At the formation of the South African Naval Service in 1922, South Africa used the British White Ensign as its naval ensign, with a Union Jack in the canton and a red St George's Cross. Meanwhile, the South African national flag was flown as a jack. In 1946, following the Second World War, South Africa began to use a solid white ensign without the cross and with the then-current South African flag in the canton.

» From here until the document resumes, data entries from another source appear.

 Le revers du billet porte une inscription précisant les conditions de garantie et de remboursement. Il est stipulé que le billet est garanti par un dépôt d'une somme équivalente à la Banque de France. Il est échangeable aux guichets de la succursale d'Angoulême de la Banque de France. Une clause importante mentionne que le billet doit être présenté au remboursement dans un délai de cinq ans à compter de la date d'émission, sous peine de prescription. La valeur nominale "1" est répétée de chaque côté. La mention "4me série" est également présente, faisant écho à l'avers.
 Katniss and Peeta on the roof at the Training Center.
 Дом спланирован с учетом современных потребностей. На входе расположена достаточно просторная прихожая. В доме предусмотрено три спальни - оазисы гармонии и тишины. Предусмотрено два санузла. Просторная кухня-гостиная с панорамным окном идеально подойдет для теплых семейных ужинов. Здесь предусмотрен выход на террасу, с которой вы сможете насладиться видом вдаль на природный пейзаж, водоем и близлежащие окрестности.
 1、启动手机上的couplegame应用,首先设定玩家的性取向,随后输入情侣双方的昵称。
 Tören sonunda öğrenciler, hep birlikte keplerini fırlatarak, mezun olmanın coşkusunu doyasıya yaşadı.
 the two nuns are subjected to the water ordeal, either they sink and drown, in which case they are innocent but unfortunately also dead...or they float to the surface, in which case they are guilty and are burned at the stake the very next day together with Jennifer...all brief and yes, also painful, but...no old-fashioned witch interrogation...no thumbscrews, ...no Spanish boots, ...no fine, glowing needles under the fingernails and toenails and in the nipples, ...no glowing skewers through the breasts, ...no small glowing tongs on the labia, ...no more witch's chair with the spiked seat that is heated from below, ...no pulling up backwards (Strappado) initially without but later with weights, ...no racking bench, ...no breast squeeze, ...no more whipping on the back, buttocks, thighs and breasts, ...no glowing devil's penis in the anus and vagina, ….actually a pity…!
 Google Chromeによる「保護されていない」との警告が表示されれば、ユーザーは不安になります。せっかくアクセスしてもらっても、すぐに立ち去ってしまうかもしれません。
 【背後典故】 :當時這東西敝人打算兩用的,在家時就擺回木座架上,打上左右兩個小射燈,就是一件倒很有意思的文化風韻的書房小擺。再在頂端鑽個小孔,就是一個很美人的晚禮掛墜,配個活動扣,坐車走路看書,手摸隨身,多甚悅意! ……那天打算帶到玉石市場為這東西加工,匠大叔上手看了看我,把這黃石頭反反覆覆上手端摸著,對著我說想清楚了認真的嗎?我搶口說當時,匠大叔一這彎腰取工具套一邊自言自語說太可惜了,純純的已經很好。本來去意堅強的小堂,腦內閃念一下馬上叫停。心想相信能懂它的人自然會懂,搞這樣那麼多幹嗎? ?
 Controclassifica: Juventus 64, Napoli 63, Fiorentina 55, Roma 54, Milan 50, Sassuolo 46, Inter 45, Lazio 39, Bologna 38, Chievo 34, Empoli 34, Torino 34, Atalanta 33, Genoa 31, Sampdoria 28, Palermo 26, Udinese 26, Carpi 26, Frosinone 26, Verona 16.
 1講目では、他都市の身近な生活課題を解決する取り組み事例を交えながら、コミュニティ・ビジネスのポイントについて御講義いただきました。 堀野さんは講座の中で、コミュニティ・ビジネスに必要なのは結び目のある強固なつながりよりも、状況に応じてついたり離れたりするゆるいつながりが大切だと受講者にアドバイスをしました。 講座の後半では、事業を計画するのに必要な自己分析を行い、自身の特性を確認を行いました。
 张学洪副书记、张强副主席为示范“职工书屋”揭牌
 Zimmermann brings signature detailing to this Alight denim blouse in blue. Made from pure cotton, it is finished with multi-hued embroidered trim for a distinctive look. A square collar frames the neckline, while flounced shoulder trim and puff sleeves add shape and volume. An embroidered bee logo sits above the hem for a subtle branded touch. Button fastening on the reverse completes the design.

This design was recommended by Chief of the General Staff General Sir Pierre van Ryneveld to Prime Minister Jan Smuts and accepted on 6 December 1945, with notice of the new ensign appearing in the Government Gazette on 26 July 1946. The new flag was, unlike the national flag, in the 1:2 proportion, meaning the national flag had to be stretched. The ensign was found to be difficult to identify.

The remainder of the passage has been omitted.